Conducting Unreliable Narrators

Reviewed by Joel Martineau

Imagine the challenge that Steven Galloway faced in planning a novel to succeed the sublime The Cellist of Sarajevo (2008). In The Confabulist he takes Harry Houdini (1874-1926) as his subject and invents a layered narrative structure to link Houdini’s latter years to current times. The novel begins with a first-person narrator seeing a doctor, who warns him, “Mr. Strauss . . . you will lose your mind. . . . It is a degenerative physiological condition, and there isn’t anything at this time that can be done about it.” Minutes later Martin Strauss sits outside the hospital and decides that if he soon “won’t remember” his life he should tell “what has happened.” He becomes the confabulist of the novel’s title, destined—as Webster’sdefines—“to fill in gaps in memory by fabrication.” The preface concludes with Strauss proclaiming, “I didn’t just kill Harry Houdini. I killed him twice.”

In an abrupt shift, an omniscient narrator then relates a lengthy chapter that introduces Houdini in 1897, age twenty-three, as an aspiring but little heralded performer. The novel will contain three further major chapters describing Houdini attracting thousands during a European tour in 1904, caught in the vice of international espionage in 1918, and lecturing against charlatan spiritualists and their promoters (especially Sir Arthur Conan Doyle) in 1926. Interspersed among these foci on Houdini are nine shorter chapters in which Strauss describes his life-long fascination with Houdini. He first reveals his role as the Montreal university student who challenged Houdini’s boast about steely stomach muscles by punching the magician (a blow actually inflicted by J. Gordon Whitehead). Houdini refused medical attention, continued his tour, and died a few days later in Detroit due to a ruptured appendix, perhaps caused by the punch. Strauss believes that his act precipitated Houdini’s death and he bolts—probably from shame, perhaps from fear of illusory avenging forces. He becomes a friendless man on the run who dreams of communicating with Houdini’s daughter. While Strauss studies magic and memory, and thus capably voices Galloway’s interests, his narrative reconstruction becomes increasingly arcane as the novel progresses. A pulpy noir shootout in which Strauss kills Houdini for the second time fails to exorcise his ghost and makes for an underwhelming conclusion to The Confabulist.

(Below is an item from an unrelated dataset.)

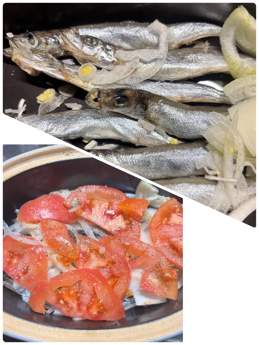 ししゃも9匹を器に並べ、玉ねぎ、トマトの順

Sean Michaels uses a simpler structure in Us Conductors. First-person narrator Léon Theremin is locked in a cabin on board the vessel Stary Bolshevik, writing to Clara Rockmore, née Reisenberg, whom he has loved without reciprocation from the moment they met. It is 1938, and shadowy figures have spirited Theremin (1896-1993) from his New York residence and are returning him to his Russian homeland after eleven years during which he was slipped “like a hand into America’s industrial pocket.” The letter comprises Part One of the novel and allows Michaels to reconstruct Theremin’s life to that point. Michaels sketches Theremin’s emergence as an inventor during the turmoil in Russia as Lenin yielded to Stalin, his ascendance to stardom during the go-go 1920s when the musical instrument (precursor to the Moog synthesizer) that bears his name became faddish in America, and his increasing entanglement in a web of deceit spun by his clandestine Russian “handlers.” Professionally and artistically brilliant, handsome and born to dance, Theremin cuts a dashing figure. The wealthy and the powerful flock to him, but he seldom wavers from his infatuation with Clara, a Lithuanian émigré to America. She masters the theremin and adores him as her teacher, but never returns his love. He is a fallible man, worthy of our empathy as the Stary Bolshevik returns him to an uncertain future in Stalinist Russia.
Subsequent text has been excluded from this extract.